On Thu, 4 Apr 2013, Carlos R. Mafra wrote:
But that is not new behavior. I use ksnapshot and to have that app
I need to install the 'graphics' package and then I also have okular
etc (or something like that).

Maybe that's part of the reason I don't like big Desktop Environments like KDE or Gnome and use Window Maker instead... But apart from that all your examples where more stuff is packaged together were things that are related by something (like using a common framework or library) and updating that common part needs releasing all parts too. This kind of relation warrants a common package but no such relation exists for dockapps.

They're just put together in a repo trying to lower administrative
overhead but this does not make them related.

But this is precisely the point! They become related once you do that,
you can not have both at the same time. Either they have separate
repos with separate maintainers deciding when to release new versions,
or they are treated together like a whole.

I don't see it like that. The repo is a place to put code in and manage it but the parts don't become related just by putting them in the same repo. Also parts can be versioned and released separately even if they are in the same repo. This requires a bit more thinking but not much more other work.

I'm sorry, but I cannot imagine what "releasing them separately" would
even mean.

I meant that each dockapp in the common repo would retain it's own version number which would only be increased if there were changes to this dockapp and not just using a common version number for all of them. This would allow distros to continue packaging them separately (or people only using some of the apps to update if there were changes they care about).

There were patches to wmbiff recently. What should I do? Write a patch
changing the #define version x.y for wmbiff only and announcing that
I'm releasing a new wmbiff?

Or just tag the repository with a tag wmbiff-x.y when finished merging all the patches and changed the #define in wmbiff to a new version. That's what we can call a release: some marked point in the repo which can be identified with a version number.

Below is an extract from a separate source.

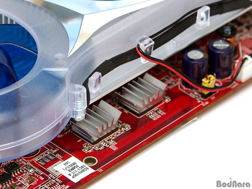 µ¢Ä¡ Å« IceQ Äð·¯°¡ ´ã´çÇϰí ÀÖ´Â °ÍÀº ¿ÀÁ÷ GPU ÇϳªÀ̹ǷΠ¸Þ¸ð¸®¿¡´Â º°µµÀÇ È÷Æ® ½ÌÅ©¸¦ ºÙ¿©³õ¾Ò´Ù. ¸Þ¸ð¸® Á¤º¸¸¦ È®ÀÎÇÏ°í ½Í¾úÀ¸³ª È÷Æ®½ÌÅ©¸¦ ¼¸Ö Á¢ÂøÁ¦·Î ºÙ¿©³õ¾Ò´ÂÁö ½±°Ô ¶³¾îÁöÁö ¾Ê¾Æ Á¦Ç° ÆÄ¼ÕÀÌ ¿ì·ÁµÇ¾î È®ÀÎÇÒ ¼ö ¾ø¾ú´Ù. ´Ù¸¥ Radeon X1650 Pro¿Í ¸¶Âù°¡Áö·Î 1.4ns ¸Þ¸ð¸®°¡ »ç¿ëµÇ¾úÀ¸¸®¶ó ÁüÀÛ¸¸ ÇÒ »ÓÀÌ´Ù.
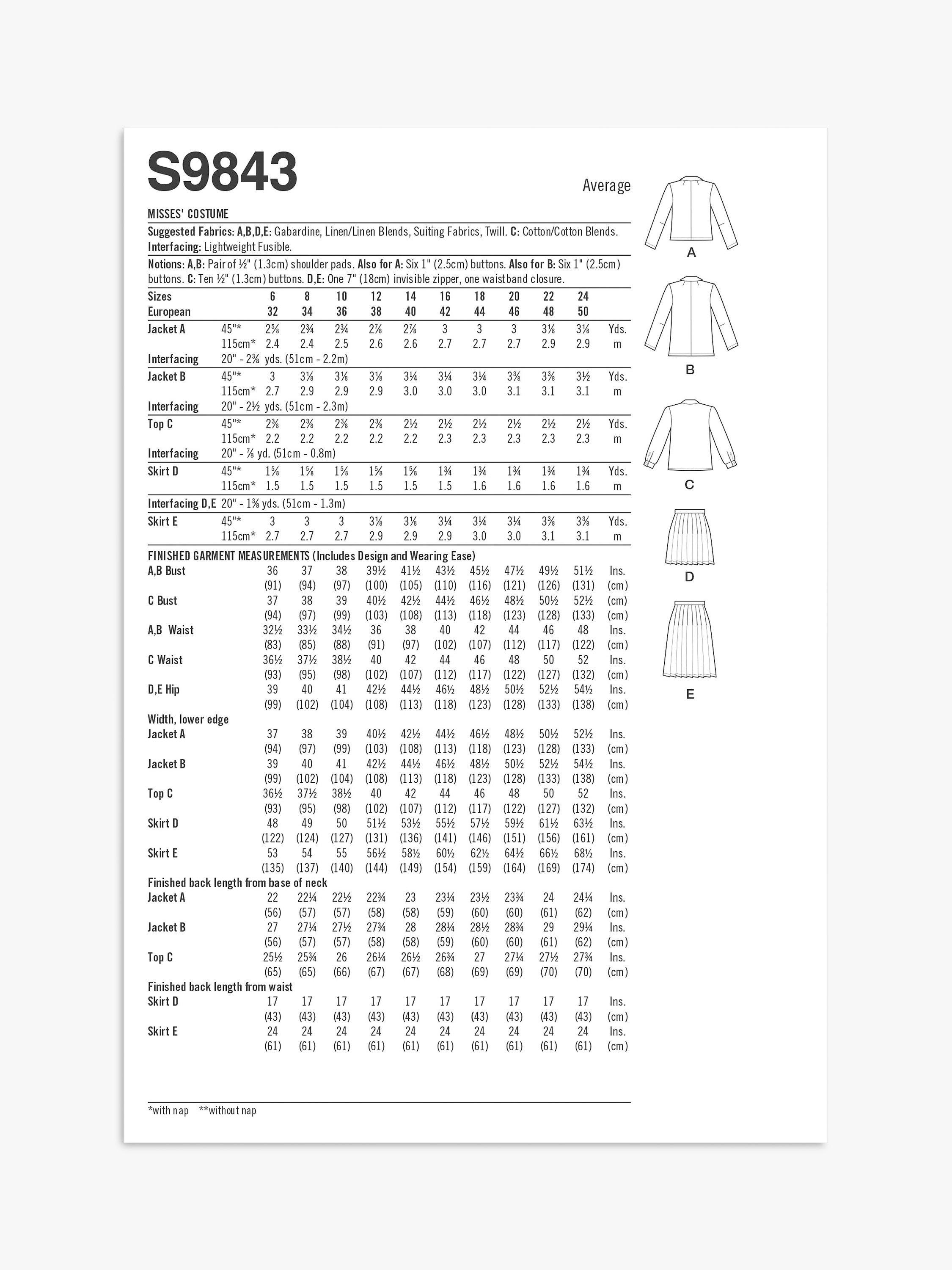 Semi-fitted, unlined double-breasted jacket in two lengths with shoulder pads. View B has pockets. Fitted top has mock front button band, collar and collar band, button cuff long sleeves and narrow hem.

What about the others? Take a look at the history of the repo and
give me suggestions about which packages deserve a new version to
be released and which version numbers should they have? Now take
that list and let's write patches for their individual version numbers
and let's generate tarballs for them and upload them somewhere.

I don't think this is going to work, seriously. I cannot imagine
me doing that.

If something is unchanged and was just put in the repo it does not need a new version and can be tagged with their current version. If something has changed and there are no more pending patches they can be released with a new version number. These are simple rules I think but I don't use your dockapps repo so I cannot tell for dockapps in it but those who use it and submitted patches before may be able to tell and contribute patches to increase their version numbers.

But let's face reality. There's no one maintaining these dockapps
in the usual way (say like Alexey himself is maintaining wmvolman).
So there won't be anyone deciding when to release a new version of
wmbiff, or having plans for doing that.

Again, if there were no changes to a dockapp it needs no new release. When someone submits patches to one dockapp you can decide to tag a new release after merging their changes. It's always the repo maintainer who is in the position to decide when to make a release otherwise there will only be snapshots.

We are just trying to have them compiling and working, and when
something breaks we hopefully fix the ones we care most. The
purpose of the dockapps.git is to have a place to send these patches.

That's nice but not too friendly to distros. They need releases that can be packaged and updated when there's a new release.

This does not work well, I think.

Let's say today I tag the dockapps.git repo as wmbiff-2.0, how would
that help someone?

I think it would help Alexey or Kix to know that they should update the wmbiff package in their distros and (reproducibly) can get a revision from the repository that contains exactly version 2.0 of wmbiff. If the next day some patches to wmvolman are merged and tagged with wmvolman-1.15 they know that they only have to update the wmvolman package and can again get the corresponding revision from the repo. So even if the tarball from the repo contains all the dockapps they are still versioned separately and one can use them both together or separately as they wish. The administrative overhead may be a bit higher but not much: instead of just using tags like dockapps-3.0, dockapps-3.1, etc. you would use tags for independent apps but the work involved is the same (merge patches, tag repo).

But as I said I don't use the dockapps repo, so it's only a proposal and you are free to decide how you do your work and packagers can also say if they like this proposal or not. I just though this might be an acceptable compromise for both parties.